Sunday 12 February 2012

On the history of Sanskrit

I am beginning to wonder what actual evidence there is that Sanskrit is as old as is usually claimed (5000 years, etc)

So far as I can see, we make this claim on the basis of imposing the view that Sanskrit "developed" from Vedic to Classical Sanskrit and so on

But I see no evidence for this. Once one begins to question the orthodox view that the Upanishads were compiled AFTER the Mantra Samhitas, and asks what is the evidence, one wonders why it could not have been the case that the Upanishads were compiled simultaneously with the Mantra Samhitas (if some groups of Aryans were, for example, more "mantric" and some more "upanishadic", as is the case even today?)
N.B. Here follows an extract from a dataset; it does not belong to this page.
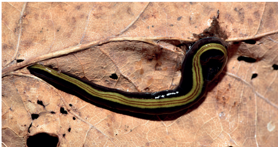
Fig. 1. Caenoplana variegata from a garden in Korschenbroich-Kleinenbroich, Germany, collected in March 2024.

Specifically, on Panini: Why should it not have been the case that Panini was contemporary with the writers of the Vedas? Of course, we know nothing of when exactly Panini lived, and what we have are wild guesses ranging from the 8th century BC to the 4th century BC. But how do we know that Panini did not live in the 3rd century AD? After all the language of our earliest written records is Prakrit and, at least in north India, Prakrit was replaced by Sanskrit in our epigraphs only by the end of 3rd century AD. This seems to indicate NOT that Sanskrit is a very ancient language, rather that it developed FROM Prakrit, being therefore essentally a post-Buddhist language, which may have become established properly only with Shankaracharya's revolutionary activities in the 9th century AD, with what are now considered "orthodox" views being "read back" into history.

I will be very happy to have my questions answered one way or the other by evidence.